◆ **DATASET EXTRACT**:
━━━━━━━━━━

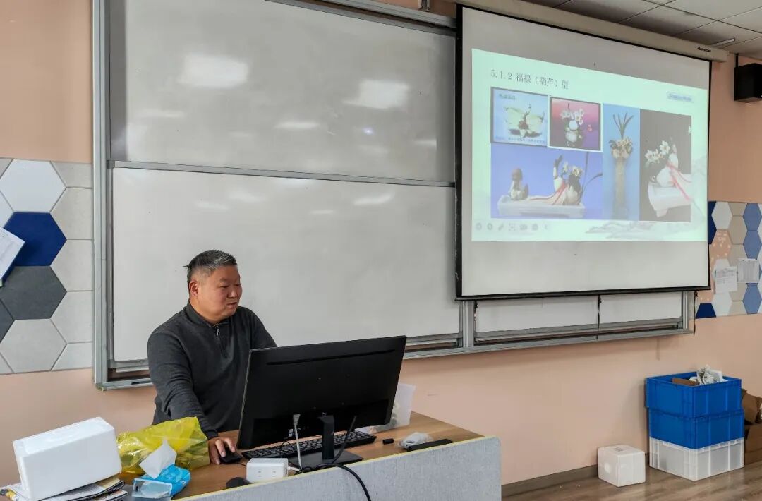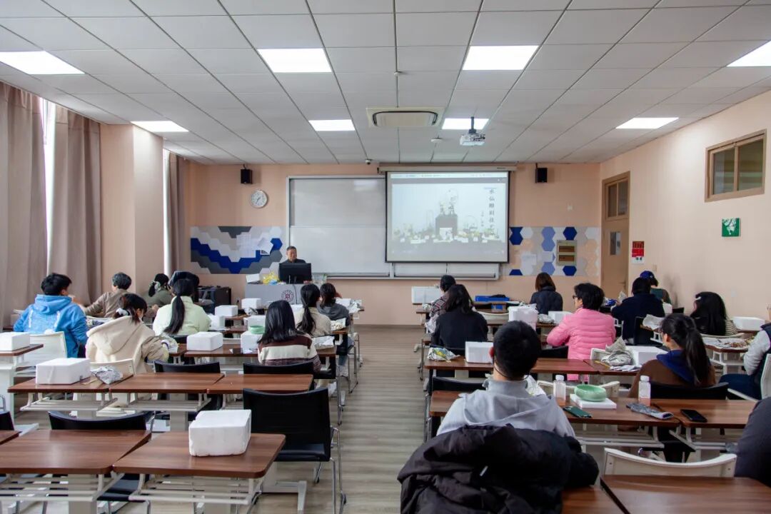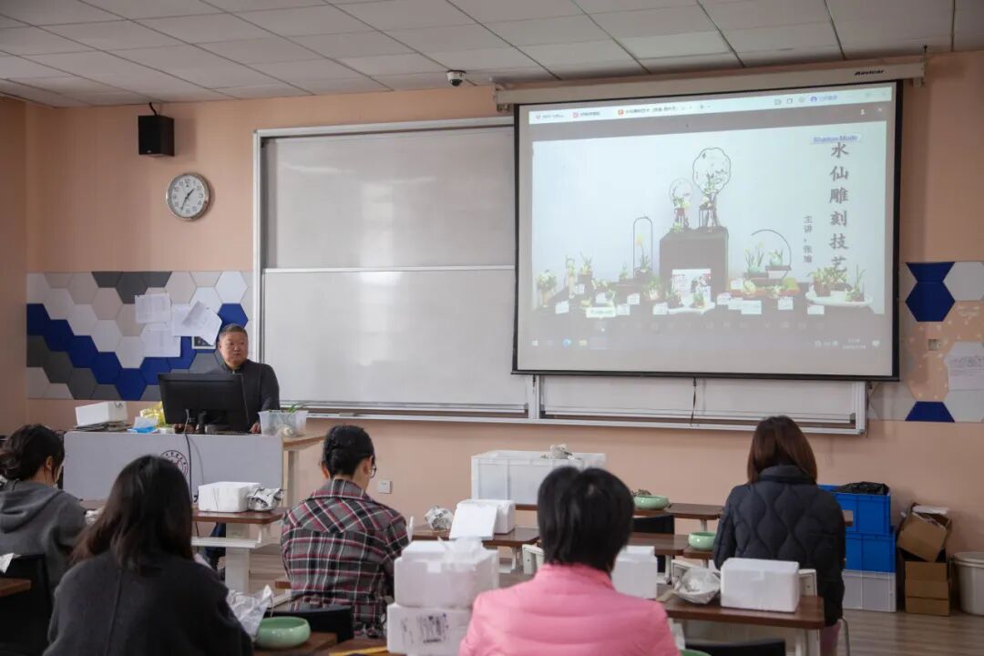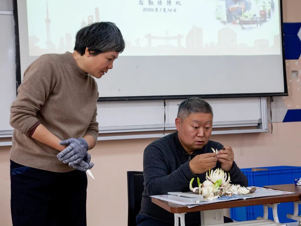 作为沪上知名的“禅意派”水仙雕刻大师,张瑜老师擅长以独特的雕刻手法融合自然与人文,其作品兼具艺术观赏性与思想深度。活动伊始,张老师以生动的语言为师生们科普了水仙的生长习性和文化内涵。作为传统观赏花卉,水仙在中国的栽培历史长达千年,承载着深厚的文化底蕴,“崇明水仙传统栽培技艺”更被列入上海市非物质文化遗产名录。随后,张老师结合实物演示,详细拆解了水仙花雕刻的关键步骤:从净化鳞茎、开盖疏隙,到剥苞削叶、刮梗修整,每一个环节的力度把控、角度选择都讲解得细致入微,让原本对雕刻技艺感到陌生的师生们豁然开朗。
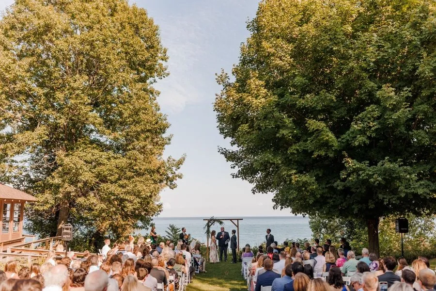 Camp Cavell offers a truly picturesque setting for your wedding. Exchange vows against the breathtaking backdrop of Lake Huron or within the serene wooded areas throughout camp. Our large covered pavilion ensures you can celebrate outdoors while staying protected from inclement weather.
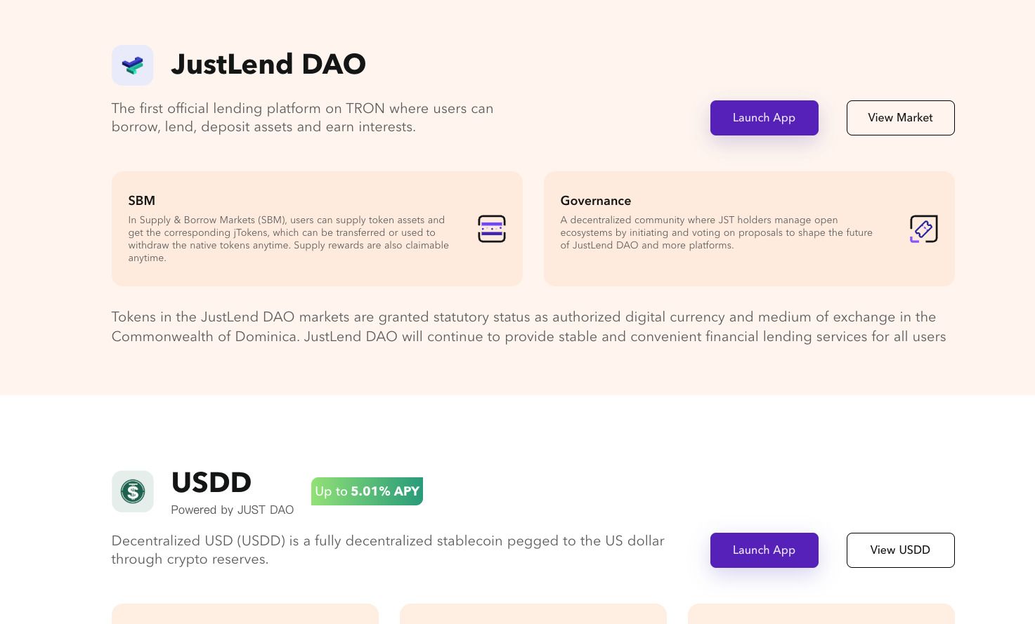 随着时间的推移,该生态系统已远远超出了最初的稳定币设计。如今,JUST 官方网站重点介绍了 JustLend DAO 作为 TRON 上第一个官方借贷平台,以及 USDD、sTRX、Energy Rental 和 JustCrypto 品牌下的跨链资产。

━━━━━━━━━━

Return the lines of the data above in full and exactly, with no pictures.

◆ **WRITTEN SOLUTION**:
 作为沪上知名的“禅意派”水仙雕刻大师,张瑜老师擅长以独特的雕刻手法融合自然与人文,其作品兼具艺术观赏性与思想深度。活动伊始,张老师以生动的语言为师生们科普了水仙的生长习性和文化内涵。作为传统观赏花卉,水仙在中国的栽培历史长达千年,承载着深厚的文化底蕴,“崇明水仙传统栽培技艺”更被列入上海市非物质文化遗产名录。随后,张老师结合实物演示,详细拆解了水仙花雕刻的关键步骤:从净化鳞茎、开盖疏隙,到剥苞削叶、刮梗修整,每一个环节的力度把控、角度选择都讲解得细致入微,让原本对雕刻技艺感到陌生的师生们豁然开朗。
 Camp Cavell offers a truly picturesque setting for your wedding. Exchange vows against the breathtaking backdrop of Lake Huron or within the serene wooded areas throughout camp. Our large covered pavilion ensures you can celebrate outdoors while staying protected from inclement weather.
 随着时间的推移,该生态系统已远远超出了最初的稳定币设计。如今,JUST 官方网站重点介绍了 JustLend DAO 作为 TRON 上第一个官方借贷平台,以及 USDD、sTRX、Energy Rental 和 JustCrypto 品牌下的跨链资产。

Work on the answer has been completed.